ACTIVITY ->
Below is a listing; repeat exactly the lines from the one containing "- Upload: Daten" to the one containing "leaf-print swim shorts", both included.

RECORDS TO USE ->
☆ ☆ ☆ ☆ ☆
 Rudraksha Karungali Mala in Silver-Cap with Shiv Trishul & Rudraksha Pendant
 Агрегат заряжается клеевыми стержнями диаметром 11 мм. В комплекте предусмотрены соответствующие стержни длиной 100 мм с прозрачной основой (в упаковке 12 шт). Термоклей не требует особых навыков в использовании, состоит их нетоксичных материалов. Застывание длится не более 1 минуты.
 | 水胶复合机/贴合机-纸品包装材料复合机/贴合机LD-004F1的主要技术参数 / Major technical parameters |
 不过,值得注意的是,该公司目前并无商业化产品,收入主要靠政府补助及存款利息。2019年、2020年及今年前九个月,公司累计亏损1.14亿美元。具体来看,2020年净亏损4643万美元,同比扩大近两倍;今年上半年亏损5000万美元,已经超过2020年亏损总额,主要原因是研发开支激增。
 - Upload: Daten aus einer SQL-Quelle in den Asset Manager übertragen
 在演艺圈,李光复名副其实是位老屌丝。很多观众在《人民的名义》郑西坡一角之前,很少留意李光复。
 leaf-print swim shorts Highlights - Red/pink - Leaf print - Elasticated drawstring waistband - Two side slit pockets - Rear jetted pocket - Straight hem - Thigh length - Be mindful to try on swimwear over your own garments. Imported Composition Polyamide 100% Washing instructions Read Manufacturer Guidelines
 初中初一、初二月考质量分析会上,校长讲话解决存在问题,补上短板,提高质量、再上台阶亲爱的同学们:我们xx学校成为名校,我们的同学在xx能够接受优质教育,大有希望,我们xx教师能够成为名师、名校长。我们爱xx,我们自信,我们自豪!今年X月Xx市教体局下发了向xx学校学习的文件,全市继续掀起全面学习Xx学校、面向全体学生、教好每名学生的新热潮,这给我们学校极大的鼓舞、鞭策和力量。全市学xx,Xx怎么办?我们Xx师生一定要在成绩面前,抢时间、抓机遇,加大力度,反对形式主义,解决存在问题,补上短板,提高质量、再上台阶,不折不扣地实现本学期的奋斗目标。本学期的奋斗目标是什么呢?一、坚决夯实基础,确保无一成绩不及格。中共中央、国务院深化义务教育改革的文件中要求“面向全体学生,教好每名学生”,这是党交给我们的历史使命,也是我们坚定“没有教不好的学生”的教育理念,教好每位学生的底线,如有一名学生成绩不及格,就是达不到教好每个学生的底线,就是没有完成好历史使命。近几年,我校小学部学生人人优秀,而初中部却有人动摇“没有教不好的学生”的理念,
☆ ☆ ☆ ☆ ☆
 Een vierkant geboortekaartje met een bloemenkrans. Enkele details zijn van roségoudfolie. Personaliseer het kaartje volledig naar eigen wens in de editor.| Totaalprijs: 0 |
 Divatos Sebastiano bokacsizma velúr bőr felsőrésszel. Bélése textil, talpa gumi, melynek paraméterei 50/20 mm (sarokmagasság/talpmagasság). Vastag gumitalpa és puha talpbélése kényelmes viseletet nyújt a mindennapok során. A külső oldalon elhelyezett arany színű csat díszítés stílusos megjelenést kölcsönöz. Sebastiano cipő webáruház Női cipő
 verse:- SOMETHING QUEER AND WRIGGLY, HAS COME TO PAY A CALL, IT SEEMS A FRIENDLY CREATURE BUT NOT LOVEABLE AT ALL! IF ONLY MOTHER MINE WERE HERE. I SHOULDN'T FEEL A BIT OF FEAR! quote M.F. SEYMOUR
☆ ☆ ☆ ☆ ☆
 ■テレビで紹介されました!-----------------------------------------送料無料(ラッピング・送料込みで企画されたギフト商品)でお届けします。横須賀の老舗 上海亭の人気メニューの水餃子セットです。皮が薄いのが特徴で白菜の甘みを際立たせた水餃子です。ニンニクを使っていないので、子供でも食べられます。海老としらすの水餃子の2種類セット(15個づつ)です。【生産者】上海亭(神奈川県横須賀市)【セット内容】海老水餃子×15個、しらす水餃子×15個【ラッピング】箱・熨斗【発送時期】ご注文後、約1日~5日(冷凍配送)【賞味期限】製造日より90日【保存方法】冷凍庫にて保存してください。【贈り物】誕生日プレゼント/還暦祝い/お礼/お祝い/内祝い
☆ ☆ ☆ ☆ ☆
ANSWER FOR THE TASK ->
 - Upload: Daten aus einer SQL-Quelle in den Asset Manager übertragen
 在演艺圈,李光复名副其实是位老屌丝。很多观众在《人民的名义》郑西坡一角之前,很少留意李光复。
 leaf-print swim shorts Highlights - Red/pink - Leaf print - Elasticated drawstring waistband - Two side slit pockets - Rear jetted pocket - Straight hem - Thigh length - Be mindful to try on swimwear over your own garments. Imported Composition Polyamide 100% Washing instructions Read Manufacturer Guidelines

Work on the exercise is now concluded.